▸ Task prompt
What you give back should be exactly the lines from the one with "Einfaches Ausmalbild für" through the end of the data, without the pictures.

(Stored items from a collection)
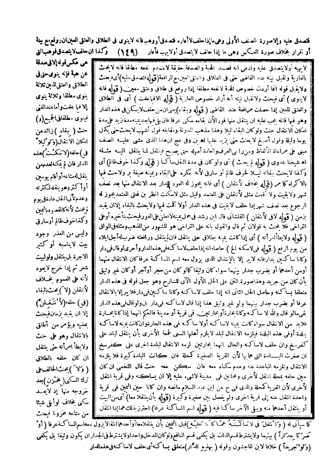 (قَوْلُهُ: فِي لَا أُسَاكِنُهُ إلَخْ) حَاصِلُهُ أَنَّهُ إذَا حَلَفَ لَا أُسَاكِنُهُ فِي هَذِهِ الدَّارِ، وَأَحْرَى لَوْ قَالَ فِي دَارٍ، وَكَانَا سَاكِنَيْنِ بِدَارٍ فَإِنَّهُ لَا يَبَرُّ إلَّا بِالِانْتِقَالِ الَّذِي يَزُولُ مَعَهُ اسْمُ الْمُسَاكَنَةِ عُرْفًا كَانَ الِانْتِقَالُ مِنْهُمَا أَوْ مِنْ أَحَدِهِمَا أَوْ بِضَرْبِ جِدَارٍ بَيْنَهُمَا سَوَاءٌ كَانَ وَثِيقًا كَمَا لَوْ كَانَ مِنْ حَجَرٍ أَوْ آجُرَّ أَوْ كَانَ غَيْرَ وَثِيقٍ بِأَنْ كَانَ مِنْ جَرِيدٍ، وَهَذَا صُورَةُ الْمَتْنِ عَلَى الْحَلِّ الْأَوَّلِ الْآتِي لِلشَّارِحِ، وَهُوَ جَعْلُ قَوْلِهِ فِي هَذِهِ الدَّارِ مُتَعَلِّقًا بِسَاكِنِهِ وَحَاصِلُ الْحَلِّ الثَّانِي أَنَّهُ إذَا حَلَفَ لَا سَاكَنَهُ، وَكَانَا سَاكِنَيْنِ فِي دَارٍ فَلَا يَبَرُّ إلَّا بِالِانْتِقَالِ عُرْفًا أَوْ بِضَرْبِ جِدَارٍ بَيْنَهُمَا، وَلَوْ غَيْرَ وَثِيقٍ هَذَا إذَا قَالَ لَا سَاكَنَهُ فِي دَارٍ بَلْ، وَلَوْ قَالَ فِي هَذِهِ الدَّارِ بَقِيَ مَا لَوْ قَالَ وَاَللَّهِ لَا سَاكَنَهُ، وَكَانَا بِحَارَةٍ أَوْ بِحَارَتَيْنِ فِي قَرْيَةٍ أَوْ مَدِينَةٍ فَالْحُكْمُ أَنَّهُمَا إذَا كَانَا بِحَارَةٍ فَلَا بُدَّ مِنْ الِانْتِقَالِ سَوَاءٌ كَانَتْ يَمِينُهُ لَا سَاكَنَهُ أَوْ لَا سَاكَنَهُ فِي هَذِهِ الْحَارَةِ، وَإِنْ كَانَتْ يَمِينُهُ لَا سَاكَنَهُ بِبَلْدَةٍ أَوْ فِي هَذِهِ الْبَلْدَةِ فَيَلْزَمُهُ الِانْتِقَالُ لِبَلَدٍ لَا يَلْزَمُ أَهْلَهَا السَّعْيُ لِجُمُعَةٍ الْأُخْرَى بِأَنْ يَنْتَقِلَ لِبَلَدٍ عَلَى كَفَرْسَخٍ، وَإِنْ حَلَفَ لَا سَاكَنَهُ وَالْحَالُ أَنَّهُمَا بِحَارَتَيْنِ لَزِمَهُ الِانْتِقَالُ لِبَلْدَةٍ أُخْرَى عَلَى كَفَرْسَخٍ إنْ صَغُرَتْ الْبَلْدَةُ الَّتِي هُمَا بِهَا؛ لِأَنَّ الْقَرْيَةَ الصَّغِيرَةَ كَمَحَلَّةِ فَإِنْ كَانَتْ الْبَلْدَةُ كَبِيرَةً فَلَا يَلْزَمُهُ الِانْتِقَالُ وَتَلْزَمُهُ الْمُبَاعَدَةُ عَنْهُ، وَعَدَمُ سُكْنَاهُ مَعَهُ فَإِنْ سَكَنَ مَعَهُ حَنِثَ قَالَ اللَّخْمِيُّ إنْ كَانَ حِينَ حَلِفِهِ بِمَحَلَّةٍ انْتَقَلَ لِأُخْرَى، وَمَحَلَّتَيْنِ فِي مَدِينَةٍ لَا شَيْءَ عَلَيْهِ إلَّا أَنْ يُسَاكِنَهُ، وَفِي قَرْيَةٍ انْتَقَلَ لِأُخْرَى؛ لِأَنَّ الْقَرْيَةَ كَمَحَلَّةٍ وَاَلَّذِي فِي ح عَنْ ابْنِ عَبْدِ السَّلَامِ مَا نَصُّهُ، وَإِنْ كَانَا حِينَ الْيَمِينِ فِي قَرْيَةٍ وَاحِدَةٍ انْتَقَلَ عَنْهُ إلَى قَرْيَةٍ أُخْرَى، وَلَمْ يُفَصِّلْ بَيْنَ صَغِيرَةٍ وَكَبِيرَةٍ (قَوْلُهُ بِأَنْ يَنْتَقِلَا مَعًا) أَيْ مِنْ الْبَيْتِ أَوْ يَنْتَقِلُ أَحَدُهُمَا مِنْهُ وَيَبْقَى الْآخَرُ سَاكِنًا فِيهِ.
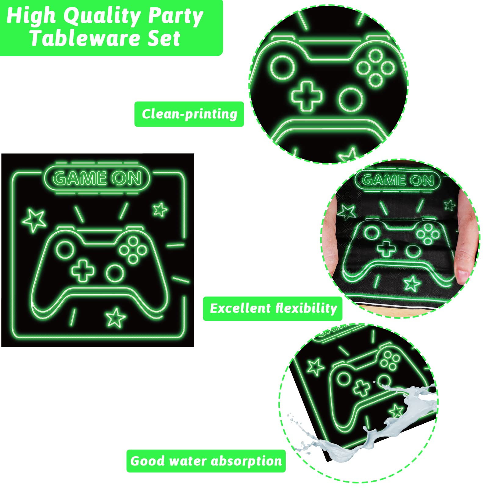 【Video Gaming Party Decoration】 Every piece of the video gamer tableware kit is decorated with gaming patterns, making it a perfect birthday party decoration for boys and girls. The video game party supplies will make your table settings look fantastic and make the birthday party interesting and unforgettable.
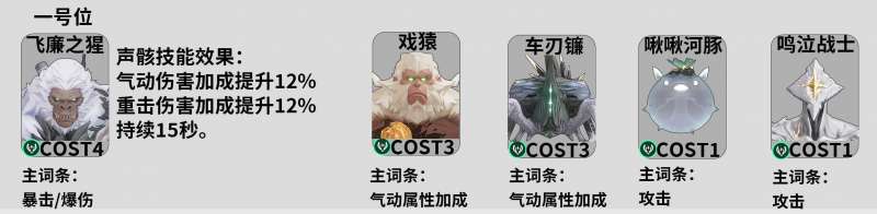 飞廉之猩+戏猿+车刃镰+啾啾河豚+鸣泣战士(43311)
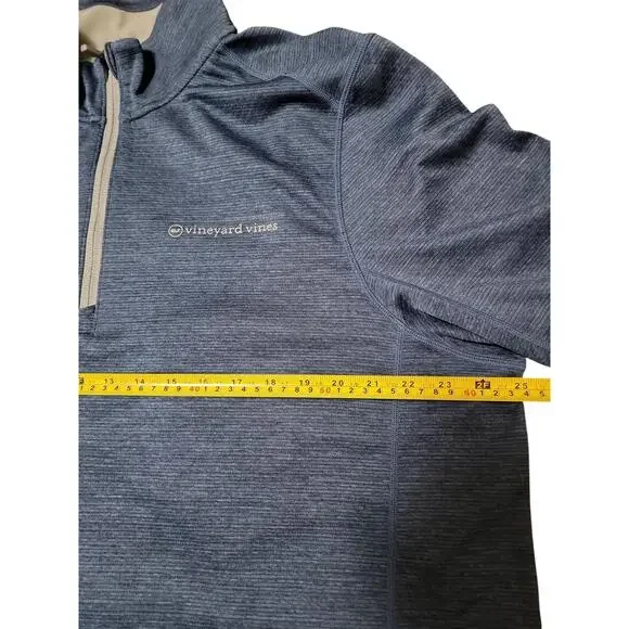 Vineyard Vines Blue Long Sleeve Performance Half Zip PulloverThis Vineyard Vines pullover combines comfort and style for any occasion. Featuring a sleek half-zip design in versatile blue, it's perfect for an active lifestyle. The performance fabric ensures you feel fresh and cozy.Condition: Good condition.Size: XlFeatures: Blue, Long sleeve, Performance fabric, 1/4 Zip, CollaredBrand: Vineyard VinesType: PulloverStyle: Half-ZipColor: BlueMaterial:Measurements:See pictures.Keywords: Athleisure, Casual, Men, Outdoor, Comfortable, Travel, Sporty, Beach, Stylish, Male, Versatile
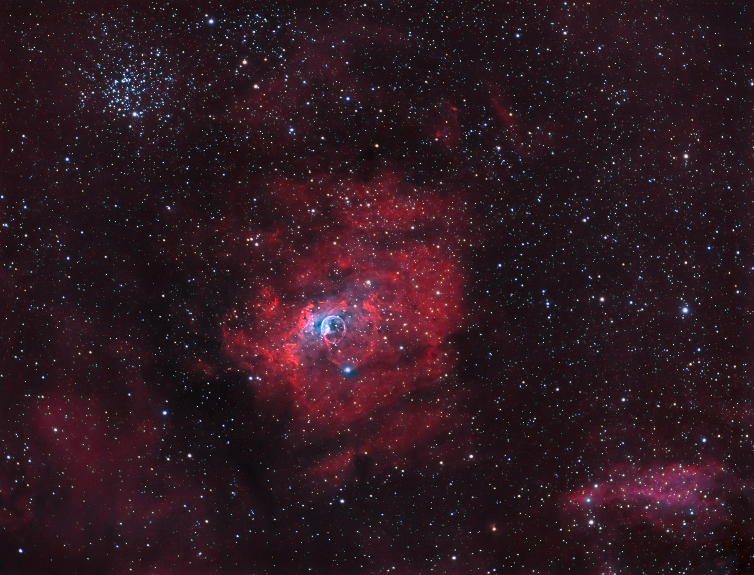Voici la nébuleuse de la bulle et messier 52 en HOO & SHO faites à Chilly Mazarin en octobre 2017
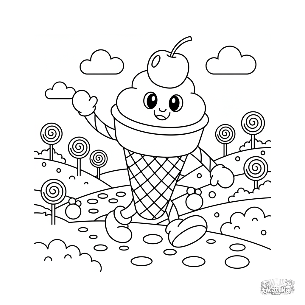 Einfaches Ausmalbild für Kleinkinder: Eine riesige laufende Eissünde spaziert durch ein Tal aus Kuchenhügeln und Süßigkeiten. Für 2-3 Jahre. Große, einfache Formen.
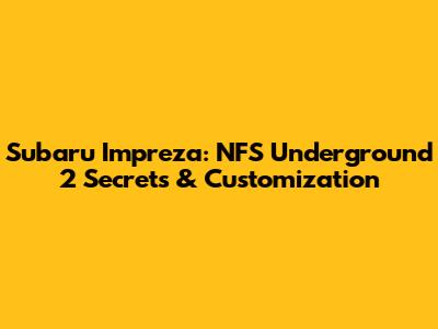 Subaru Impreza: NFS Underground 2 Secrets & Customization
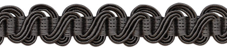 Jones Baroque Trimming in Graphite. A decorative gimp braid with a scroll embellishment that├óÔé¼Ôäós ideal for adding interest to upholstery, cushions, blinds and lampshades. This gimp braid is highly flexible, making it ideal for trimming around tight corners and light enough to add embellishment to the bottom of roller blinds as well as other items. The colour spectrum features 18 beautiful shades that include neutrals, pastels and vivid pops of colour to compliment many fabrics.

▸ Response area
 Einfaches Ausmalbild für Kleinkinder: Eine riesige laufende Eissünde spaziert durch ein Tal aus Kuchenhügeln und Süßigkeiten. Für 2-3 Jahre. Große, einfache Formen.
 Subaru Impreza: NFS Underground 2 Secrets & Customization
 Jones Baroque Trimming in Graphite. A decorative gimp braid with a scroll embellishment that├óÔé¼Ôäós ideal for adding interest to upholstery, cushions, blinds and lampshades. This gimp braid is highly flexible, making it ideal for trimming around tight corners and light enough to add embellishment to the bottom of roller blinds as well as other items. The colour spectrum features 18 beautiful shades that include neutrals, pastels and vivid pops of colour to compliment many fabrics.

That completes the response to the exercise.